• _What is needed_
Begin with the line below holding "Italiserande Landskap Med" and go on through the line holding "בסטורי שפרסם עומר", duplicating each line exactly and leaving out pictures.
::: Record set :::
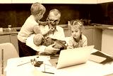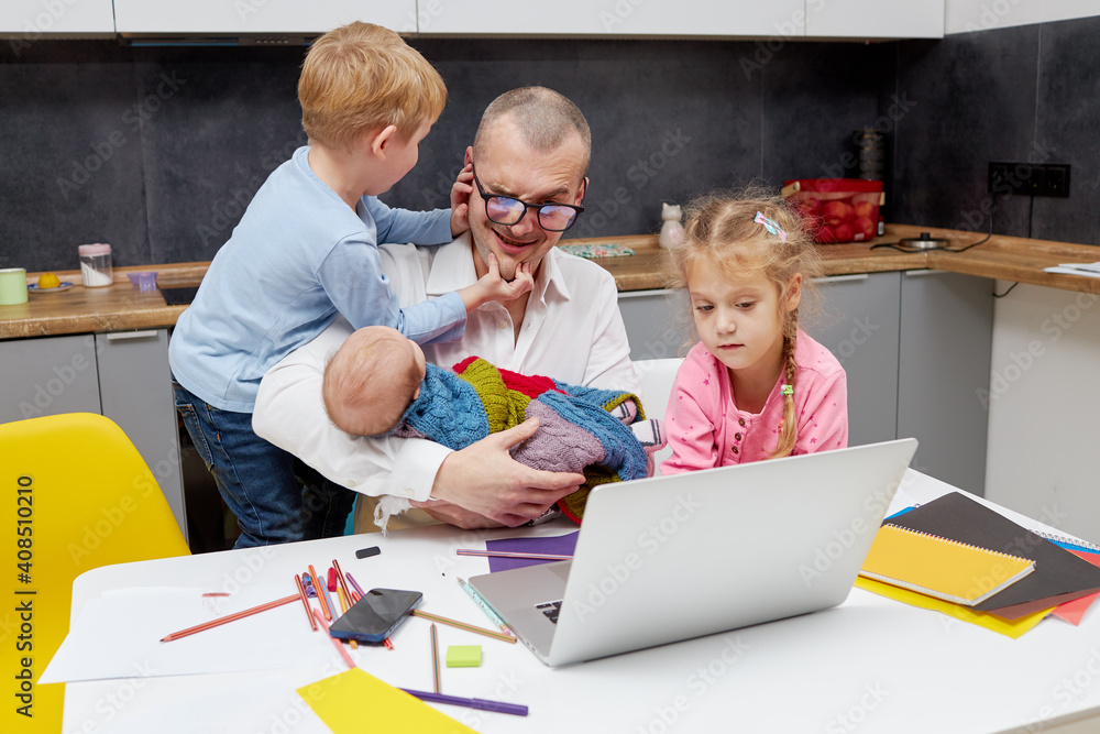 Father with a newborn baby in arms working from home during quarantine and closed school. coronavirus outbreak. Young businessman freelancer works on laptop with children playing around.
:::
::: Record set :::
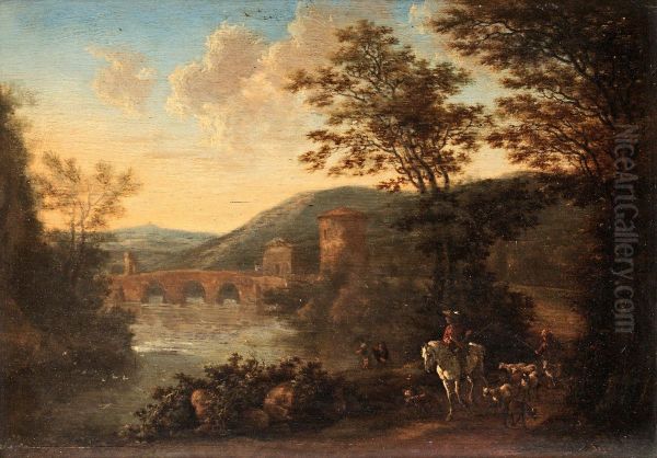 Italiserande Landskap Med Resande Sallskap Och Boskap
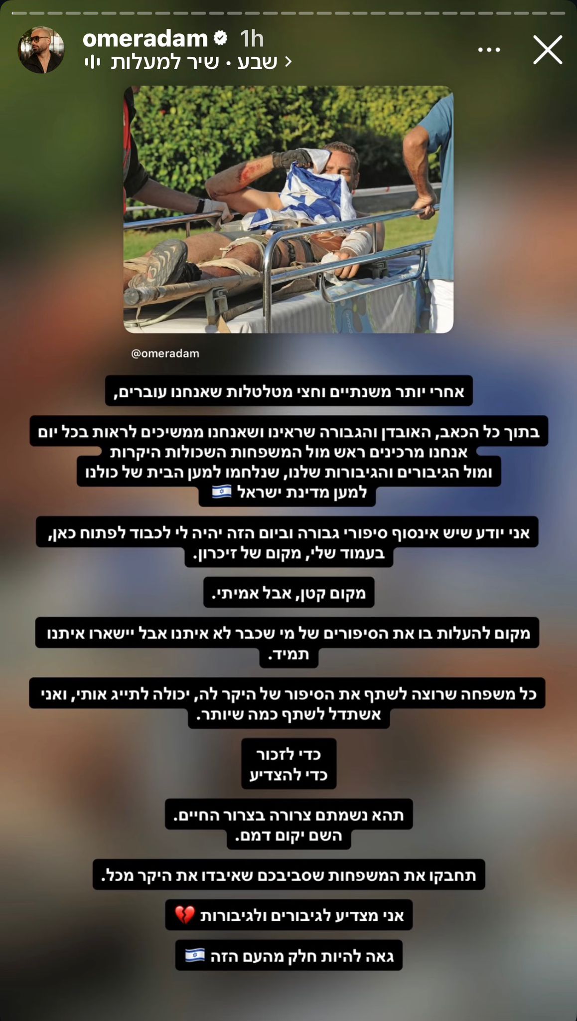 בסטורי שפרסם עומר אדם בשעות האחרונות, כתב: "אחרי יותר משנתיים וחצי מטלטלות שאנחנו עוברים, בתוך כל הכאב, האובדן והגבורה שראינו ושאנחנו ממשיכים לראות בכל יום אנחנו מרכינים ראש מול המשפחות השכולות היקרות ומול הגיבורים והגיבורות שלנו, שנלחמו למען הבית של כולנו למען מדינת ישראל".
:::
::: Record set :::
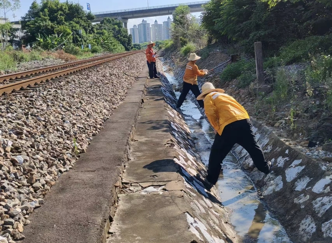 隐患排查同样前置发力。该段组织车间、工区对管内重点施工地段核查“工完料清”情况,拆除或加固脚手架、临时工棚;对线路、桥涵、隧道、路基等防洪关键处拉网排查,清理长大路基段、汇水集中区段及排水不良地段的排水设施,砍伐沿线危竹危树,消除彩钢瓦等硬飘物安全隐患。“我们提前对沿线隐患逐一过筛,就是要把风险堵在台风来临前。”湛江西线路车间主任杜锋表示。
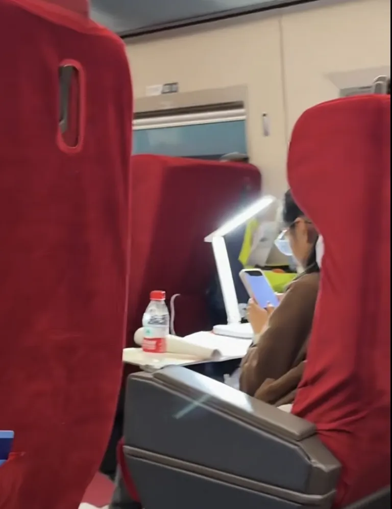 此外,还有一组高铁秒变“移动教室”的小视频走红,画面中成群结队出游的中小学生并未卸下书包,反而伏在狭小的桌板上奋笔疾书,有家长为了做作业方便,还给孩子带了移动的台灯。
:::
• _Written answer_
 Italiserande Landskap Med Resande Sallskap Och Boskap
 בסטורי שפרסם עומר אדם בשעות האחרונות, כתב: "אחרי יותר משנתיים וחצי מטלטלות שאנחנו עוברים, בתוך כל הכאב, האובדן והגבורה שראינו ושאנחנו ממשיכים לראות בכל יום אנחנו מרכינים ראש מול המשפחות השכולות היקרות ומול הגיבורים והגיבורות שלנו, שנלחמו למען הבית של כולנו למען מדינת ישראל".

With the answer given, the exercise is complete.